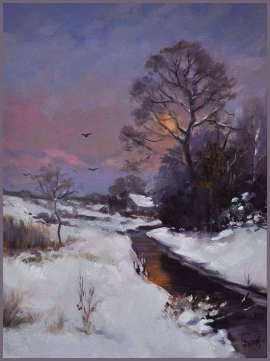 Obraz przedstawia zimowy krajobraz o zachodzie słońca, który rozgrzewa serce swoim nostalgicznym pięknem. Dominują tutaj chłodne odcienie błękitu i bieli, które kontrastuje delikatny różowy i pomarańczowy blask na niebie. Śnieg pokrywa ziemię, tworząc miękką, niemal bajkową scenerię, w której ciemne sylwetki drzew rysują się tajemniczo na tle zmieniającego się nieba. Kompozycja obrazu prowadzi wzrok wzdłuż rzeki wijącej się przez śnieg, aż po niewielką chatkę ukrytą w oddali. Atmosfera jest cicha, jakby czas stanął w miejscu. Czuć spokój i jednocześnie lekką melancholię, coś jakby whisper of winter's end. Styl artystyczny tego dzieła to realizm z nutką impresjonizmu. Widać tu precyzyjne pociągnięcia pędzla, podkreślające fakturę śniegu i drzew, a jednocześnie miękkość blendowania kolorów na niebie zachwyca. Obraz zachęca do refleksji i pobudza wyobraźnię. Może wywołać u odbiorcy poczucie tęsknoty za miejscami, gdzie czas płynie wolniej. Czujesz, że chciałbyś tam być, śmiać się i bawić w śniegu jak dziecko. Ten zimowy pejzaż przypomina mi kolorowe wieczory spędzone przy ciepłym kominku. Magiczny.
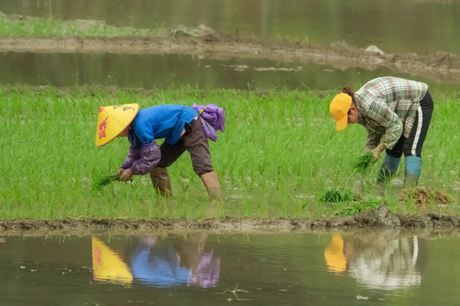 群众在田间插秧劳作
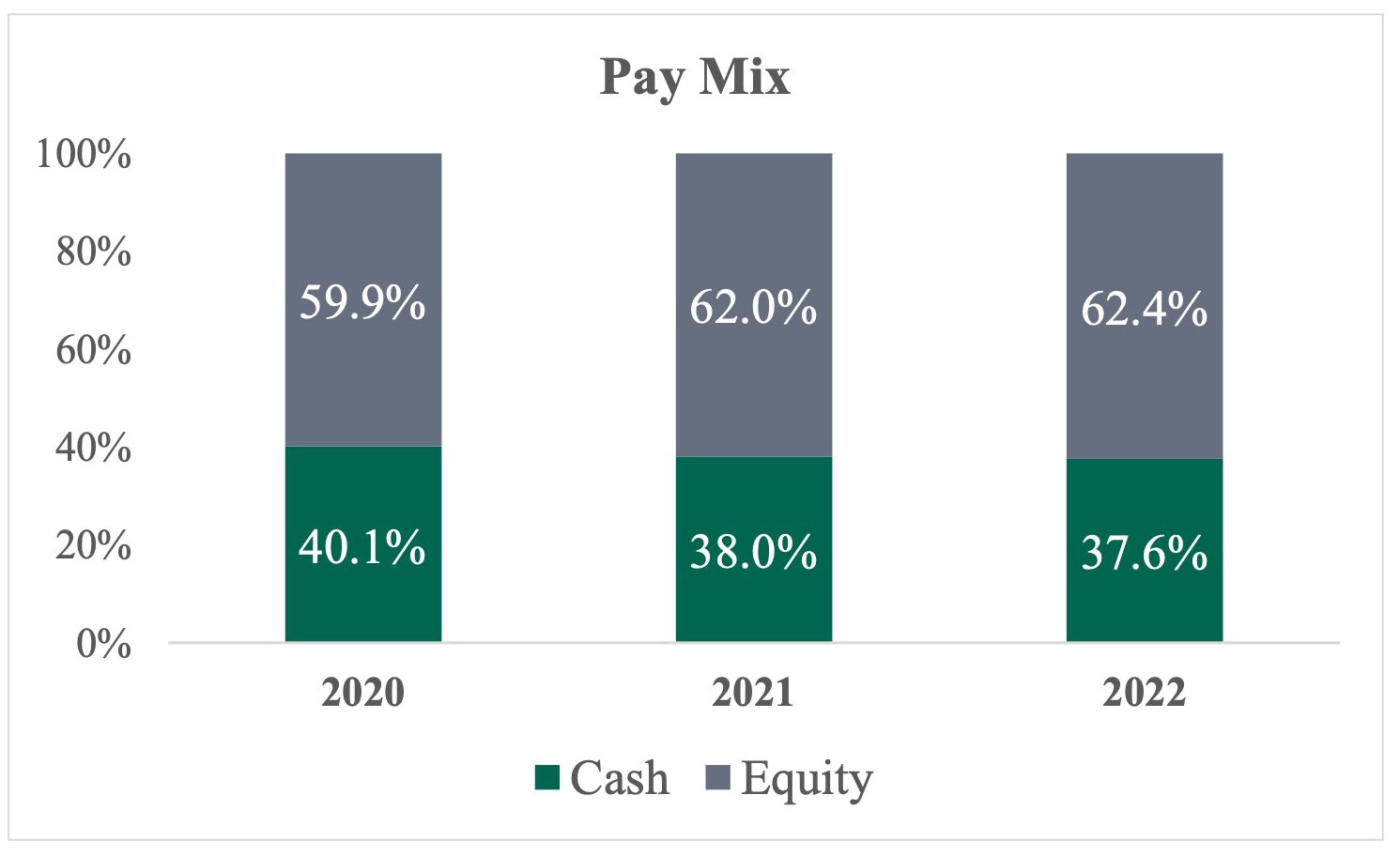 The portion of total compensation delivered in cash versus equity, or overall pay mix, has been relatively stable at approximately 40% cash and 60% equity. Over the last two years, we have seen the proportion delivered in equity inch slightly higher (to 62% equity), as meaningful increases in director compensation are more commonly provided through equity than through cash-based compensation.
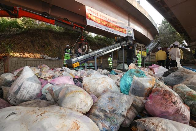 그러잖아도 심각했던 쓰레기 문제가 코로나19 이후 더욱 본격화하고 있습니다. 쓰레기 문제는 생태계 파괴뿐 아니라 주민 간, 지역 간, 나라 간 싸움을 일으키기도 합니다. '쓰레기 박사'의 눈으로 쓰레기 문제의 핵심과 해법을 짚어보려 합니다. '그건 쓰레기가 아니라고요' '지금 우리 곁의 쓰레기'의 저자 홍수열 자원순환사회경제연구소장이 <한국일보>에 4주 단위로 목요일 연재합니다.2022년 11월 17일 서울 마포구 청소차 차고지에서 생활쓰레기 전처리 실증이 이뤄지고 있다. 사진과 칼럼 내용은 직접적인 관련은 없음. 연합뉴스 |

☆ ☆ ☆

- [Problem description]: No picture belongs in the copy; return the rest of the listing exactly.

- [Your solution]:
 Obraz przedstawia zimowy krajobraz o zachodzie słońca, który rozgrzewa serce swoim nostalgicznym pięknem. Dominują tutaj chłodne odcienie błękitu i bieli, które kontrastuje delikatny różowy i pomarańczowy blask na niebie. Śnieg pokrywa ziemię, tworząc miękką, niemal bajkową scenerię, w której ciemne sylwetki drzew rysują się tajemniczo na tle zmieniającego się nieba. Kompozycja obrazu prowadzi wzrok wzdłuż rzeki wijącej się przez śnieg, aż po niewielką chatkę ukrytą w oddali. Atmosfera jest cicha, jakby czas stanął w miejscu. Czuć spokój i jednocześnie lekką melancholię, coś jakby whisper of winter's end. Styl artystyczny tego dzieła to realizm z nutką impresjonizmu. Widać tu precyzyjne pociągnięcia pędzla, podkreślające fakturę śniegu i drzew, a jednocześnie miękkość blendowania kolorów na niebie zachwyca. Obraz zachęca do refleksji i pobudza wyobraźnię. Może wywołać u odbiorcy poczucie tęsknoty za miejscami, gdzie czas płynie wolniej. Czujesz, że chciałbyś tam być, śmiać się i bawić w śniegu jak dziecko. Ten zimowy pejzaż przypomina mi kolorowe wieczory spędzone przy ciepłym kominku. Magiczny.
 群众在田间插秧劳作
 The portion of total compensation delivered in cash versus equity, or overall pay mix, has been relatively stable at approximately 40% cash and 60% equity. Over the last two years, we have seen the proportion delivered in equity inch slightly higher (to 62% equity), as meaningful increases in director compensation are more commonly provided through equity than through cash-based compensation.
 그러잖아도 심각했던 쓰레기 문제가 코로나19 이후 더욱 본격화하고 있습니다. 쓰레기 문제는 생태계 파괴뿐 아니라 주민 간, 지역 간, 나라 간 싸움을 일으키기도 합니다. '쓰레기 박사'의 눈으로 쓰레기 문제의 핵심과 해법을 짚어보려 합니다. '그건 쓰레기가 아니라고요' '지금 우리 곁의 쓰레기'의 저자 홍수열 자원순환사회경제연구소장이 <한국일보>에 4주 단위로 목요일 연재합니다.2022년 11월 17일 서울 마포구 청소차 차고지에서 생활쓰레기 전처리 실증이 이뤄지고 있다. 사진과 칼럼 내용은 직접적인 관련은 없음. 연합뉴스 |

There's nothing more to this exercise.